With pictures excluded, copy word for word the lines in the data below from the line containing "pieces design background" through the line containing "a viewing carla@comanacompany.com".

(Dataset records)
======

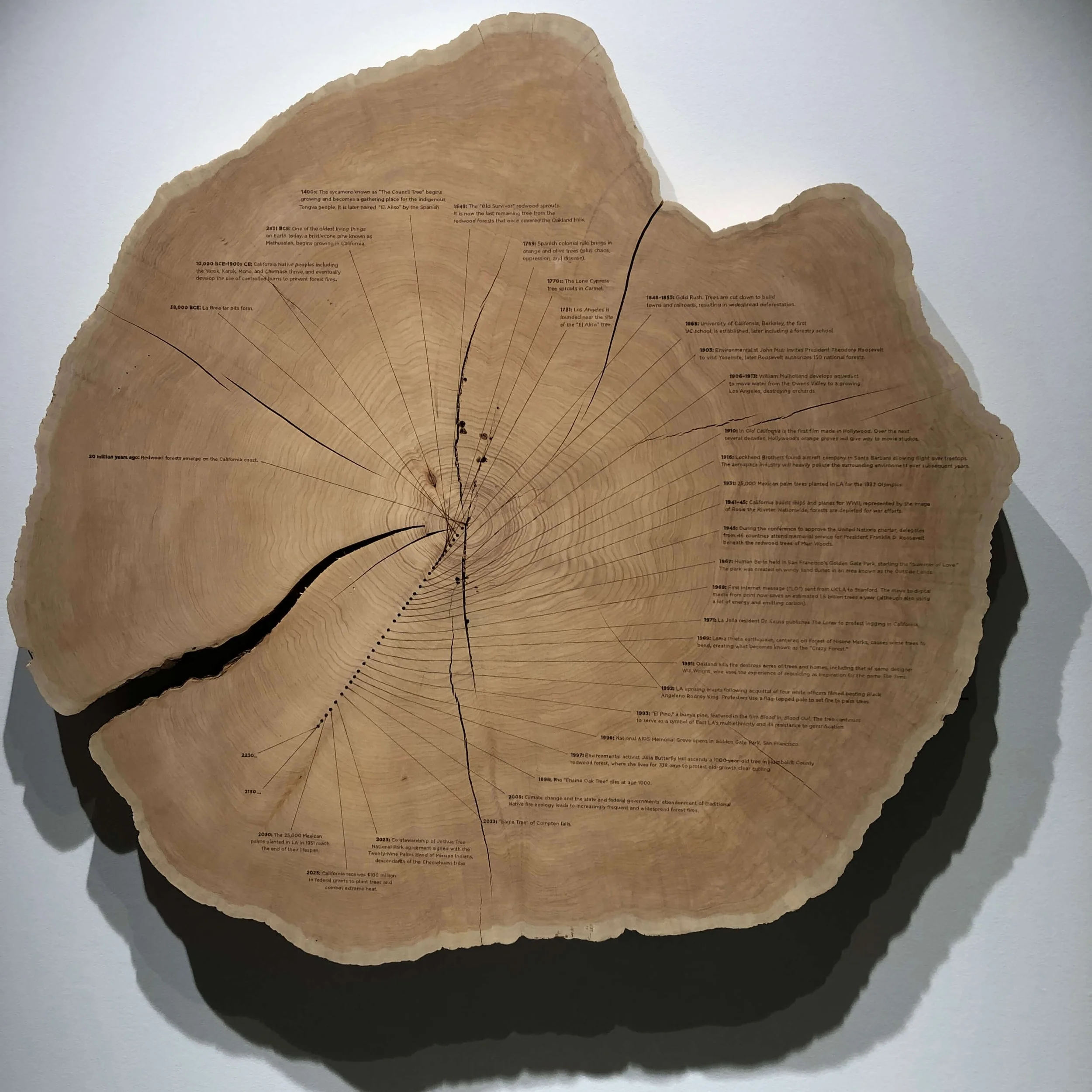 The most integrated of ecology and human impact can be visualized through Living on the Edge in which the artists have mapped out geological and botanical events in California from the beginning of redwood forests (twenty million years ago) and the formation of the La Brea Tar Pits (38,000 BCE) to the Los Angeles planting of 25,000 palm trees imported from Mexico (1931). The consequences of the development and growth of Los Angeles as water diversion, aeronautics, and urban sprawl reconfigure the landscape ring with a hollow echo. It reverberates with a death knell marked for 2030 as thousands of palm trees reach their life expectancy. The ephemeral quality of the modern and the short-sightedness of contemporary planning is placed in perspective – writ on the material evidence of time. How the thousands of years of established forests can be devastated so quickly by overconsumption and social habits becomes a question raised by each ripple of bark, by every ancient deep core.
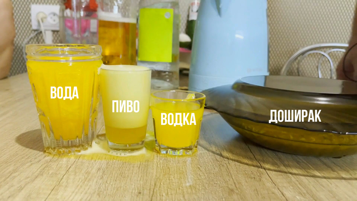 Одного пакетика Юпи хватает на 1,5 литра воды. Зная это мы с ювелирной точностью рассыпали содержимое 1 пакета по емкостям и добавили реагенты: воду, пиво, водку и доширак. Подождав согласно рецепту, пока лапша приготовится - мы принялись к проверке вкусовых свойств данных продуктов. К нашему удивлению, Юпи все еще хорош, действительно вкусненько, как то по особенному, с таким 8битным послевкусием.
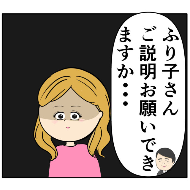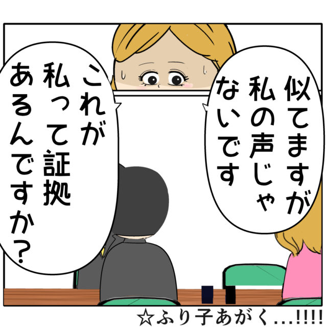 想定外の証拠を出され窮地に立たされたふり子さん。説明を求められ「似てますが私の声じゃないです。これが私って証拠あるんですか?」とあがきます。
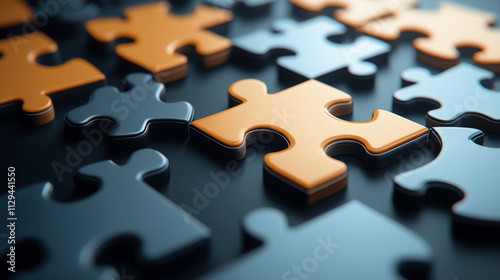 © Inovop, Obraz premium Orange puzzle piece standing out among blue pieces design background
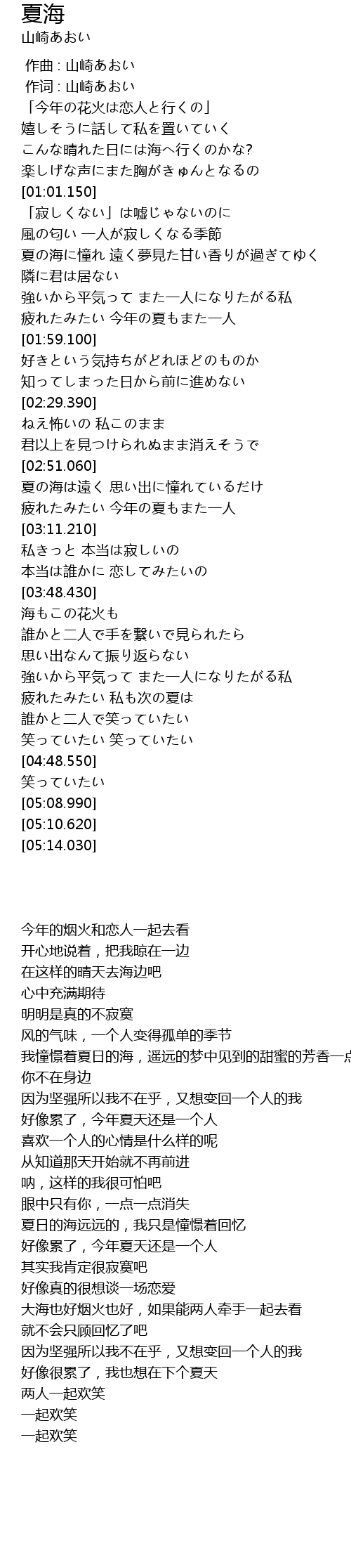 | [03:02.520] | 疲れたみたい 今年の夏もまた一人 |
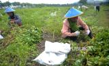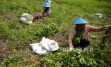 Petani memanen kacang tanah di Pundong, Bantul, Yogyakarta, Selasa (24/10/2023). Dinas Ketahanan Pangan dan Pertanian (DKPP) Kabupaten Bantul memprediksi produksi hasil tanaman palawija terutama kacang tanah akan naik pada akhir 2023. Kemarau yang disertai El Nino menyebabkan petani beralih dari menanam padi ke tanaman palawija. Luas tanam kacang tanah melebihi 2 ribu hektare atau naik 300 persen lebih dibanding tahun lalu. Sementara luas panen kacang tanah diprediksi mencapai 2,7 juta hektare pada tahun ini, dan luas panen tahun lalu hanya 1,2 juta hektare. (FOTO : Republika/Wihdan Hidayat)
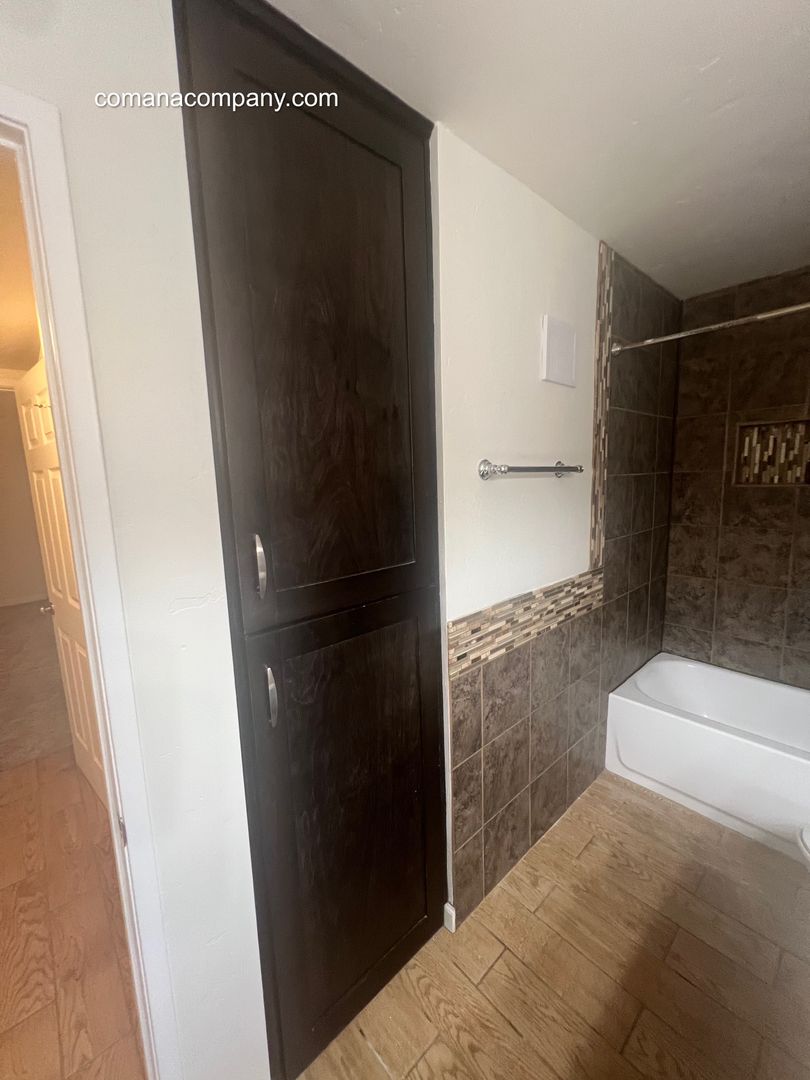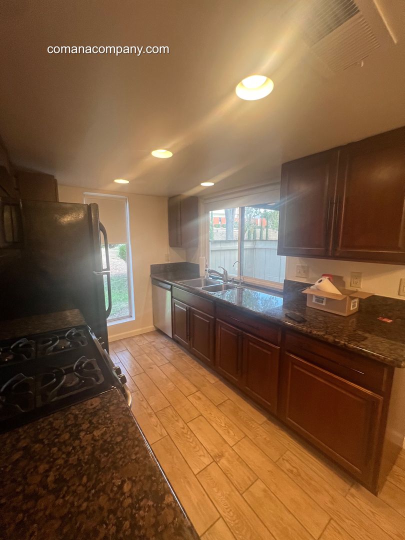 **Special Offer for half off first months rent** Come see this 2 bedroom 1 bath located in Del Cerro. This is a bottom floor unit right off Navajo. Hard flooring in kitchen, living and dining room. It has a good size fenced in patio with a lockable storage closet. Gas stove, dishwasher and built in microwave. Both bedrooms have nice new carpet and sizable closets. One has a walk in closet. It comes with two parking spaces. Nice sized bathroom with double sink vanity. The community has a pool, clubhouse, jacuzzi and BBQ picnic common area. Water, trash and sewer included in rent. Laundry room with plenty of cashless machines. Near Cowles Mountain and Mission Trails hiking patch. One block from Keil’s Grocery and shopping center. Patrick Henry High and Lake Murray nearby. NO Pets. Please contact me if you’d like to schedule a viewing carla@comanacompany.com
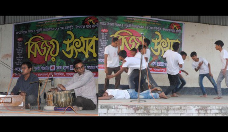 নিজস্ব প্রতিনিধিঃ শাহজাদপুরে মাস ব্যাপী বিজয় উৎসব-২০১৭ ইং শুরু হয়েছে। গতকাল শুক্রবার বিকেলে উপজেলার পৌর সদরের হাইস্কুল মাঠের মুক্ত মঞ্চে অনুষ্ঠিত এ বিজয় উৎসবের উদ্বোধন করেন বাংলাদেশ গ্রাম থিয়েটারের কেন্দ্রীয় পর্ষদের সাংগঠনিক সম্পাদক বিশিষ্ট নাট্যকার সাঈদ রিংকু। পূরবী থিয়েটারের সভাপতি বিশিষ্ট কবি ও সাহিত্যিক মমতাজ উদ্দিন শেখের সভাপতিত্বে অনুষ্ঠিত এ অনুষ্ঠানে বিশেষ অতিথি হিসাবে উপস্থিত ছিলেন, বাংলাদেশ গ্রাম থিয়েটারের কেন্দ্রীয় পর্ষদের আর্ন্তজাতিক বিষয়ক সম্পাদক বিশিষ্ট নাট্যকার ও নির্দেশক সৌজন্য অধিকারী, সিরাজগঞ্জ জেলার (রবীন্দ্র অঞ্চলের) প্রধান সমন্বয়কারী বিশিষ্ট কবি ও সাংবাদিক মোঃ মুমীদুজ্জামান জাহান, বিশিষ্ট সঙ্গীত শিল্পী আব্দুল মতিন, বাসদ নেতা আব্দুল আলীম, যুগান্তর স্বজন সমাবেশ শাহজাদপুর উপজেলা শাখার সভাপতি শাহবাজ খান সানি, পূরবী থিয়েটারের সহ সাধারণ সম্পাদক মেহেদী হাসান হিমু, সহকারী অধ্যাপক মাহবুবুর রহমান মিলন ও বিশিষ্ট তবলা বাদক দীপেশ চন্দ্র পাল। বাংলাদেশ গ্রাম থিয়েটারের ভ্রর্তৃপ্রতিম সংগঠন পূরবী থিয়েটার, শিশু সংগঠন ভোর হলো ও যুগান্তর স্বজন সমাবেশ শাহজাদপুর উপজেলা শাখা যৌথ ভাবে এ অনুষ্ঠানের আয়োজন করেছে। মাস ব্যাপী এ অনুষ্ঠানের মধ্যে রয়েছে, নাটক, ধূয়া গান, বাউল গান, শ্রীরূপ ক্ষ্যাপার গান, দেশের গান, কবিতা আবৃত্তি, নৃত্য, কবি আড্ডা, শাস্ত্র গান, আলোচনা সভা, মুক্তিযুদ্ধ ভিত্তিক চলচ্চিত্র গেরিলা ও বঙ্গবন্ধুর ৭ই মার্চের ভাষণ প্রদর্শন ইত্যাদি। এ বিজয় উৎসবের প্রথম দিন উদ্বোধনী অনুষ্ঠানে সাঈদ রিংকু রচিত ও নির্দেশিত নাটক ‘জাগো’ মঞ্চস্থ করা হয়। এ নাটকে অভিনয় করেন, মারুফ, নয়ন শেখ, রাকিব, আকরাম, শামীম, অনিক, আব্দুল আলীম, জাকারিয়া, ইমন, তুষার, ফরহাদ ও সোহাগ। এছাড়া ধূয়া গান,বাউল গান, দেশের গান ও কৌতুক পরিবেশন করা হয়। এ অনুষ্ঠানে স্বজন সদস্যদের মধ্যে উপস্থিত ছিলেন, আমিনুল ইসলাম, শরিফ, সানোয়ার হেসেন, অচিন্ত কুমার, মারুফ, নয়ন, রাসেল, নাহিন, শিমুল, পারভীন, হোসনেয়ারা, মীম, স্বাক্ষর, সোহেল, সজিব, জয়, অন্তর, সোনা মিয়া, মেঘ, তাকিবুন্নাহার, স্বর্ণ, মনতাজ আলী, ফিরজা খাতুন, ফরিদা খাতুন, ফারদিন, জায়েদ প্রমূখ।

======

▶ Solution
 © Inovop, Obraz premium Orange puzzle piece standing out among blue pieces design background
 | [03:02.520] | 疲れたみたい 今年の夏もまた一人 |
 Petani memanen kacang tanah di Pundong, Bantul, Yogyakarta, Selasa (24/10/2023). Dinas Ketahanan Pangan dan Pertanian (DKPP) Kabupaten Bantul memprediksi produksi hasil tanaman palawija terutama kacang tanah akan naik pada akhir 2023. Kemarau yang disertai El Nino menyebabkan petani beralih dari menanam padi ke tanaman palawija. Luas tanam kacang tanah melebihi 2 ribu hektare atau naik 300 persen lebih dibanding tahun lalu. Sementara luas panen kacang tanah diprediksi mencapai 2,7 juta hektare pada tahun ini, dan luas panen tahun lalu hanya 1,2 juta hektare. (FOTO : Republika/Wihdan Hidayat)
 **Special Offer for half off first months rent** Come see this 2 bedroom 1 bath located in Del Cerro. This is a bottom floor unit right off Navajo. Hard flooring in kitchen, living and dining room. It has a good size fenced in patio with a lockable storage closet. Gas stove, dishwasher and built in microwave. Both bedrooms have nice new carpet and sizable closets. One has a walk in closet. It comes with two parking spaces. Nice sized bathroom with double sink vanity. The community has a pool, clubhouse, jacuzzi and BBQ picnic common area. Water, trash and sewer included in rent. Laundry room with plenty of cashless machines. Near Cowles Mountain and Mission Trails hiking patch. One block from Keil’s Grocery and shopping center. Patrick Henry High and Lake Murray nearby. NO Pets. Please contact me if you’d like to schedule a viewing carla@comanacompany.com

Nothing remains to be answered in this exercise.